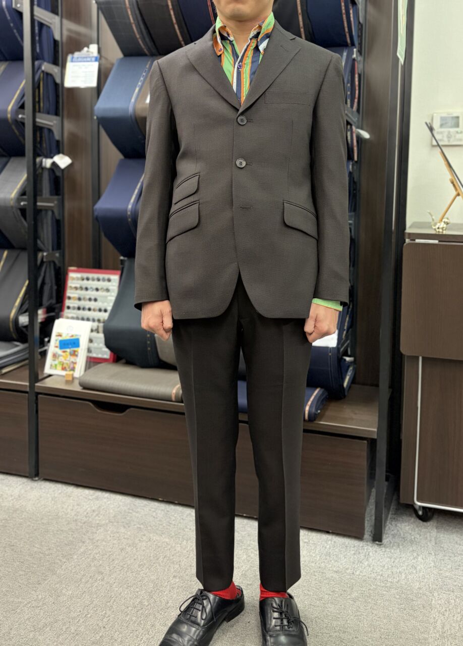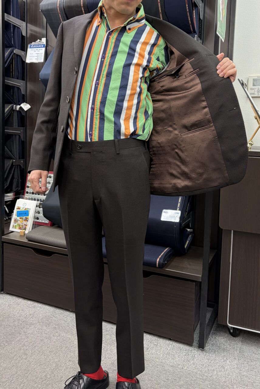 茶色×茶色×茶色 3釦スーツ オーダースーツSADA 赤羽店 投稿日 2026年3月1日 NEW! 最終更新日 2026年3月1日 3釦シングルスーツ 生地素材 フォルテ 7-5553 茶バーズアイ 裏地 柄裏84 茶色ドット ボタン SB123 本水牛薄茶 オプションその他 シック加工 担当スタイリスト
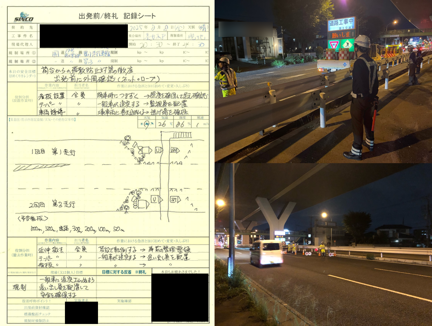 安全パトロール国道17号下り線追越車線規制(埼玉営業所)ブリーフィング内容 ・本日の規制箇所と内容の確認 ・規制手順及び役割の確認 ・正対作業及び周囲確認の徹底 ・飛散防止対策を徹底すること ・熱中症対策を徹底すること
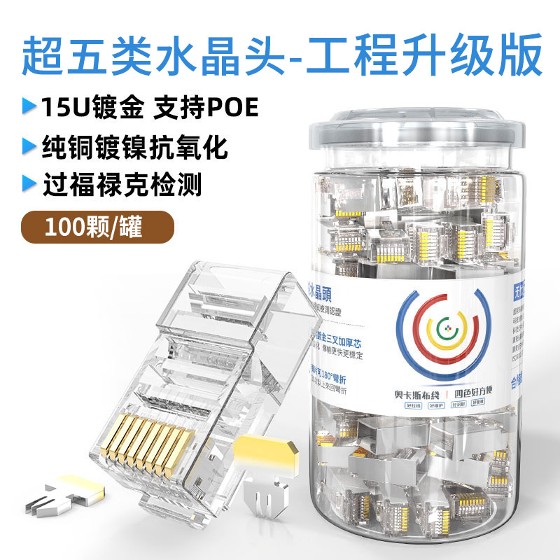 奧卡斯超五類(lèi)水晶頭傳輸性能超過(guò)超五類(lèi)標(biāo)準(zhǔn);采用優(yōu)質(zhì)阻燃PC料, 阻燃符合UL94V-2,安全可靠;50μ鍍金針片,抗氧化,抗老化能力強(qiáng),阻抗超低;接線(xiàn)更牢靠,傳導(dǎo)性更強(qiáng),不易脫落,與模塊接觸使衰減降至最低程度

# WHAT NEEDS TO BE DONE:
Repeat the material above verbatim, with no pictures in the output.

# OUTPUT:
 茶色×茶色×茶色 3釦スーツ オーダースーツSADA 赤羽店 投稿日 2026年3月1日 NEW! 最終更新日 2026年3月1日 3釦シングルスーツ 生地素材 フォルテ 7-5553 茶バーズアイ 裏地 柄裏84 茶色ドット ボタン SB123 本水牛薄茶 オプションその他 シック加工 担当スタイリスト
 安全パトロール国道17号下り線追越車線規制(埼玉営業所)ブリーフィング内容 ・本日の規制箇所と内容の確認 ・規制手順及び役割の確認 ・正対作業及び周囲確認の徹底 ・飛散防止対策を徹底すること ・熱中症対策を徹底すること
 奧卡斯超五類(lèi)水晶頭傳輸性能超過(guò)超五類(lèi)標(biāo)準(zhǔn);采用優(yōu)質(zhì)阻燃PC料, 阻燃符合UL94V-2,安全可靠;50μ鍍金針片,抗氧化,抗老化能力強(qiáng),阻抗超低;接線(xiàn)更牢靠,傳導(dǎo)性更強(qiáng),不易脫落,與模塊接觸使衰減降至最低程度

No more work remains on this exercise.